Audra Meridian has posed:
"Sounds about right for an introduction to New York. Never a dull moment most days." Audra shakes her head a little. "I'd say I feel sorry for whoever was dumb enough to try and rob you, but they probably deserved what they got for it."

She finishes off her coffee, handing the mug back to Bongo to return to the kitchen. "You know, that sounds pretty slick for a commercial. Like the kind of fancy ones you'd see during the Super Bowl." Probably better than whatever 'caveman' ripoff the guy Ted was talking to was planning.

Conan has posed:
Conan doesn't move when his new pal puts an arm on him, seemingly somewhat indifferent to the action. As he hears the plan he will nod slightly, "I know of phones." He produces a rectangular one from his pocket. "They contain the knowledge of this land inside them and through some science creation known as cellular can let you communicate with other phone users." Once he hears the proposition in full he shrugs, "I shall help, Beetle. Pirate, thief, mercenary, actor." A great mirth overcomes the big man and he lets out a loud laugh, "There is no challenge I cannot conquer, my friends! We shall put on your play and sell your machine."

"What is this Super Bowl? Is has a stage for the performance?"

Ted Kord has posed:
Ted Kord says, "It's a sporting event. It's not being run right now. We'll get by. Hmmm. Pirate, thief, mercenary, actor... sounds like you have all the training to become a businessman! Bwahahaha! I'd say politician too, but... you're too honest." He slaps Conan on the back.

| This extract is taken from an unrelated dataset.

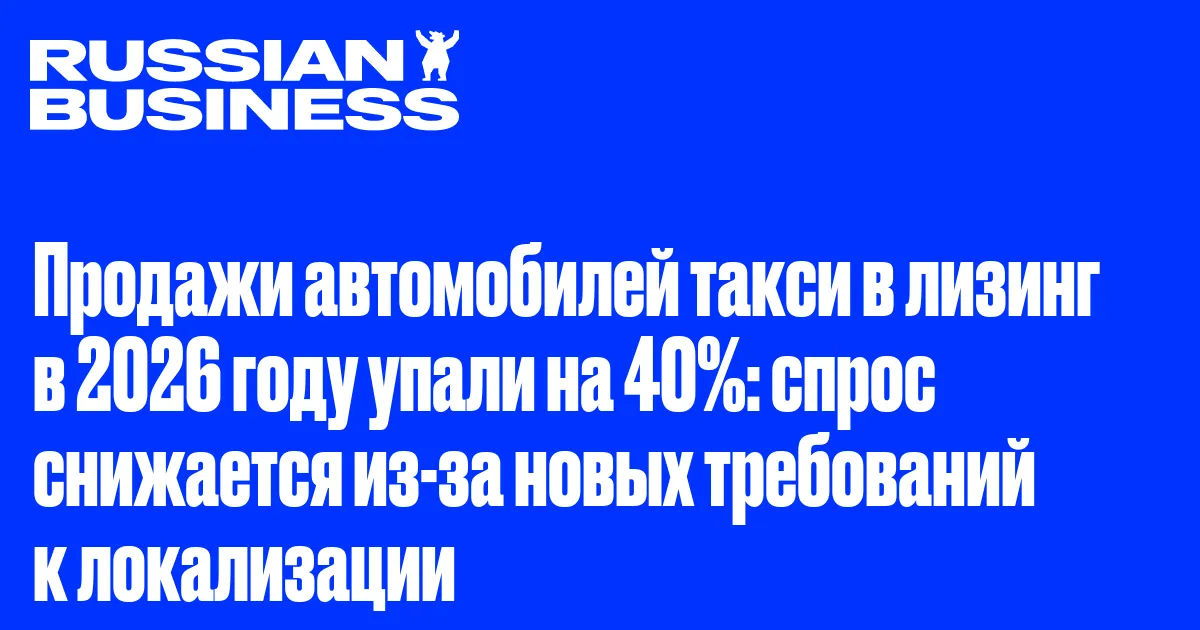 Объём продаж автомобилей такси в лизинг в январе 2026 года снизился на 40% относительно того же периода прошлого года, пишут «Ведомости». Одной из причин стал закон о локализации, вступивший в силу 1 марта. По мнению экспертов, он вызвал неопределённость вокруг перечня машин, которые смогут работать в такси.

He hursts his hand a little. Then Bongo flies up with a bottle of mead.

"Where the hell did you get that from?" She proffers it to the Barbarian, and works at the cork.

Audra Meridian has posed:
Audra Meridian joins in with a bit of laughter of her own. "Too honest to be in politics, that's not a bad thing." That or Conan would punch someone. Which honestly a lot of politicians could probably use too. But it wouldn't be worth the warrior getting himself in trouble over. "Besides, making some money for yourself will help with however long you end up being in our time."